Requirement: Of all the lines below, output only those starting at the one with "AGUASCALIENTES, AGUASCALIENTES, 19OCTUBRE2013.- Enrique" and ending at the one with "So I keep biking", both ends included, exactly as written.

Provided material:
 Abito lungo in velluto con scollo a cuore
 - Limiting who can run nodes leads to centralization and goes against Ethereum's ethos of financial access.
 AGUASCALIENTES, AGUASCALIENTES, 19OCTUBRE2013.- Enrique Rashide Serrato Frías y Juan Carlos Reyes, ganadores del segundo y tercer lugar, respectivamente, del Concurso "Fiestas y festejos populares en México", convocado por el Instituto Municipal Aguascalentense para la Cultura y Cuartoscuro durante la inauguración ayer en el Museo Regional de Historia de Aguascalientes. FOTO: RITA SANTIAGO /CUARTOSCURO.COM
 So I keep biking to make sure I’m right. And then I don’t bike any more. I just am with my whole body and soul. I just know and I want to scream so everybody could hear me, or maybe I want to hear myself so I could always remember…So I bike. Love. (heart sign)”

--

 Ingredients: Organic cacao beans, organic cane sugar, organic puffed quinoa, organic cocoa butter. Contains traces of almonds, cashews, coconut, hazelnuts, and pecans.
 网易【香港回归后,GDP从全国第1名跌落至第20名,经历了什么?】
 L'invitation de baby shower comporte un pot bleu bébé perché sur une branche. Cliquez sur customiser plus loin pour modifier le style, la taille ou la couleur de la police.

Task response:
 AGUASCALIENTES, AGUASCALIENTES, 19OCTUBRE2013.- Enrique Rashide Serrato Frías y Juan Carlos Reyes, ganadores del segundo y tercer lugar, respectivamente, del Concurso "Fiestas y festejos populares en México", convocado por el Instituto Municipal Aguascalentense para la Cultura y Cuartoscuro durante la inauguración ayer en el Museo Regional de Historia de Aguascalientes. FOTO: RITA SANTIAGO /CUARTOSCURO.COM
 So I keep biking to make sure I’m right. And then I don’t bike any more. I just am with my whole body and soul. I just know and I want to scream so everybody could hear me, or maybe I want to hear myself so I could always remember…So I bike. Love. (heart sign)”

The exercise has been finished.